The question of housing in all its states

It is wrong to say that housing affordability is a serious problem. The affordability crisis is not ONE problem, but many. Each of these problems requires diverse, yet complementary, solutions that engage government in very different ways.

Posted at 9:00 a.m.

Raphael Fischler

Raphael Fischler
Urban planner emeritus and dean of the faculty of planning at the Université de Montréal

Simplifying a lot, let us distinguish four socioeconomic categories, which experience relatively distinct situations.

Households with high incomes complain about the high cost of housing in good neighborhoods. Competition, speculation, stepping into my backyard are making houses and plexes there unaffordable, if not for them, at least for their children. Their reaction is often to fall back on other neighborhoods, which they gentrify.

Middle-income households, on the other hand, are frustrated in particular by the increase in the prices of houses and condos that they would like to buy as their first properties, an increase that forces them to settle far in the suburbs to live in a house or to be satisfied with a small accommodation to stay in town. As they form a large group of voters, these households receive generous support from governments, which subsidize their home ownership and build new community facilities and infrastructure on the outskirts.

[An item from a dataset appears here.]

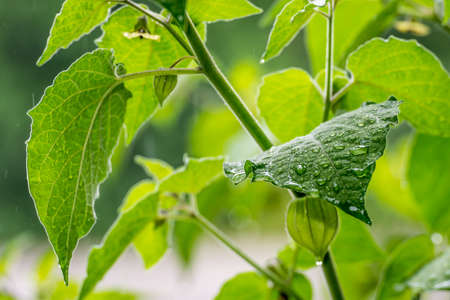 Green veined fruit on a branch of Physalis minima in the garden. Growing pygmy groundcherry (wild cape gooseberry). Solanaceae family

Households with more modest incomes suffer from the increase in rents in their daily lives. Proper housing requires a drastic reduction in all other expenses. Less expensive housing is smaller, less well maintained and/or less well located, which poses health and accessibility problems. Rent control, income supplements, tax credits, the supply of social housing and sanitation control help, but only partially.

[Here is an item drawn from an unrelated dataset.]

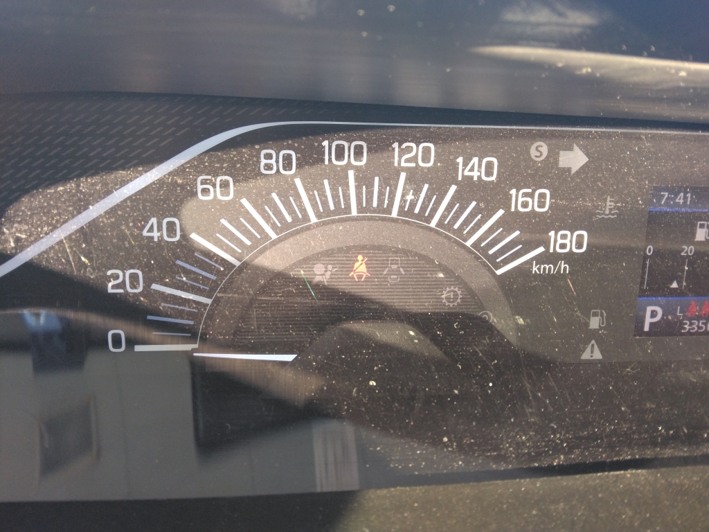 シートベルトリマインダー 車検・整備 | 2025.11.15 本日の画像は車両メーター。 光で見えにくいかも知れませんがシートベルト警告が点灯しています。 シートベルトリマインダーと呼ばれる警告灯ですが以前は運転席の シートベルトが装着されていないと点灯する仕組みでした。 現在の車両では助手席や後部座席のシートベルトもチェックしています。 助手席には重量物センサーが座面に付いていて重さを検知して点灯します。 よくお問い合わせがあるケースなんですが 「 シートベルトしているのに警告灯が点く!! 」と。 助手席に重さのある物を置いておくと「 人 」と車が勘違い。 シートベルトしてませんよ!と警告灯が点灯します。 5~10kgくらいの物から検知する様です。 買い物した荷物などを助手席に置くと帰りに警告灯がなんて事も。 安全の為の装置なんですが不便に思う事も、、、。 どうしても助手席に物を置く場合はシートベルトをしてあげても良いかも。 もちろん人が乗った場合はどの席でもシートベルトお忘れなく m(__)m

Finally, those who have no fixed abode, who camp in our streets, in makeshift shelters or in temporary accommodation experience difficulties that others find difficult to imagine. Their problem of access to housing is often compounded by health and mental health challenges. Despite all the efforts made, long-term solutions remain very difficult to find.

Each of these different housing affordability issues requires distinct solutions. For the better off, the solution to the high cost of housing does not come from public action; they have the necessary means to find accommodation in the private market, which will meet their needs. On the other hand, the authorities must ensure that this response will take a form that is in the public interest.

For the others, it must be said and repeated: the private sector cannot produce cheap housing. Everything new is expensive.

On the one hand, construction is not benefiting enough from the huge efficiency gains that have driven prices down in so many other industrial sectors. On the other hand, our expectations for space and equipment are high. You only have to look at what consumers want in kitchens and bathrooms today to realize that what is normal today would have been luxurious in the eyes of our ancestors.

Caught between the hammer of expensive construction and the anvil of high standards, we advocate deregulation to reduce the cost of middle-class housing. However, while increasing residential densities and speeding up approval processes are indeed likely to reduce production costs (and bring environmental benefits), these measures will not make housing affordable per se; they’ll just make it a little cheaper. At the same time, it is necessary to act on the cost of construction and on the expectations of buyers.

For less well-off households, there is no salvation without major government intervention. It takes either help to the stone (supply side) or help to the person (demand side).

The resurgence of social housing does not seem to be a possibility in the current political climate. But, whatever their use, public spending on housing will have no impact if they are not massive. However, for the moment, they are ridiculously modest compared to those devoted to the car (that is to say to roads and highways) and they largely benefit the middle class.

For poorer individuals or households, even greater public expenditure per person is needed, as well as existing social housing or alternative housing, i.e. units that do not meet class standards average in terms of private space, but which nevertheless offer a healthy and safe habitat.

Yes, more housing needs to be built to better balance supply and demand. But without wise regulation, private provision will not create quality living environments. Above all, without massive government spending, it will not meet the needs of a large part of the population.